In her written 2023 “State of South Carolina’s Road and Bridge Network” report, Hall listed 199 bridges as having been “completed” – though the funding sources weren’t identified – with another 75 bridges “under construction,” contending that a five-year, $200 million annual “surge” in bridge funding was needed. DOT maintains more than 8,400 bridges statewide.

But The Nerve’s latest review of DOT records found that as of Nov. 30, $28 million, or less than 1%, of the $3.82 billion in total project “commitments” under the gas-tax-hike law was designated for “additional bridge projects.” Those records show that out of 25 designated bridge projects statewide, only three have been completed – one each in Anderson, Charleston and York counties.

The Nerve’s review also found a relatively slow pace of completing road projects. As of Nov. 30, the total value of completed “pavements” projects in the state’s 46 counties was $1.26 billion, which represented 40.3% of the total $3.13 billion in estimated preliminary and construction costs of all projects in that category.

Thirty-four counties fell below the 50% completion mark, including the larger counties of Spartanburg (25%), Greenville (32.3%), Richland (38.3%), Horry (47.6%) and York (47.6%).

And the total approximately 7,750 miles of designated “pavements” projects statewide as of Nov. 30 represented less than 25% of the total miles of roads that DOT says has to be repaved or rebuilt.

In announcing his version of the state budget for fiscal year 2024-25, which starts July 1, McMaster recommended that the Republican-controlled Legislature pass stand-alone legislation that would “reallocate” at least $500 million from the state Homestead Exemption Fund to DOT for emergency bridge replacement and repairs.
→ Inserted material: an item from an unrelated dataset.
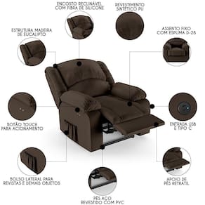 Altura: 100 cm | AssemblyRequired: Sim, sugerimos a contratação do nosso serviço de montagem (para os CEPs em que o serviço está dispon | Color: Marrom | ColorFamily: Marrom | ColorSimple: Marrom | ColorSupplier: Marrom | Cor: Marrom | Gênero: Unisex | Largura: 100 cm | Manual: Sim | Marca: Mpozenato | Material: Madeira de Eucalipto | MaterialFamily: Madeira de Eucalipto | Model: Pietra | Origem: | OriginCountry: | OriginState: PR | Peso: 62 kg | Peso Suportado: 130 Kg | ProductContents: 1 Poltrona | ProductHeight: 100 | ProductInstructions: Produto para uso em ambiente interno, nao devendo ficar exposto ao sol, calor e umidade excessivos. | ProductLength: 114 | ProductWarranty: 90 dias após o do produto | ProductWeight: 62 kg | ProductWidth: 100 | Profundidade: 114 cm | Requere montagem: Sim | SizeDescription: 100 x 100 x 114 cm | SupplierSimpleName: Poltrona do Papai Reclinável Pietra Power Touch USB FH9 PU Marrom - Mpozenato | Tipo de : Fabricante

It was the single-largest proposed expenditure listed under his “Executive Budget Highlights.”

Lawmakers in 2006 passed a law eliminating all school operating property taxes for owner-occupied homes and increasing the state sales tax by a penny to make up the difference, with those revenues to be deposited in the Homestead Exemption Fund. In recent years, the fund has recorded a surplus, with an estimated total balance of $568.5 million by June 30, increasing to a projected $650.4 million by the end of next fiscal year, based on figures from the state Revenue and Fiscal Affairs Office.

McMaster proposed using $550 million, mainly in other state surplus funds, for the current fiscal year for bridge maintenance, though lawmakers rejected that plan in passing their respective budget versions. Instead, lawmakers in one week last March passed an amended resolution – with McMaster’s signature – designating $1.29 billion in projected and actual state surplus funds to bring a Scout Motors electric-vehicle assembly plant to South Carolina.

As The Nerve last year pointed out, the nearly $1.3 billion works out to be approximately $240 for every man, woman and child in the state. Looking at it another way, it represents more than 90% of the surplus as of Nov. 30 in gas-tax-hike revenues that are supposed to be used to fix deteriorating roads and bridges statewide.

McMaster’s proposed total state budget for next fiscal year is $40.88 billion, with includes state, federal and “other” funds. The 124-member House currently is crafting its own budget version for fiscal 2025, which likely will be changed by the 46-member Senate, with differences to be worked out in a conference commitment before going to McMaster for his veto consideration.

This fiscal year’s total state budget is $41.07 billion. The South Carolina Policy Council – the parent organization of The Nerve – has proposed that any increase in the state’s general fund for fiscal 2025 be limited to the rate of population growth plus inflation.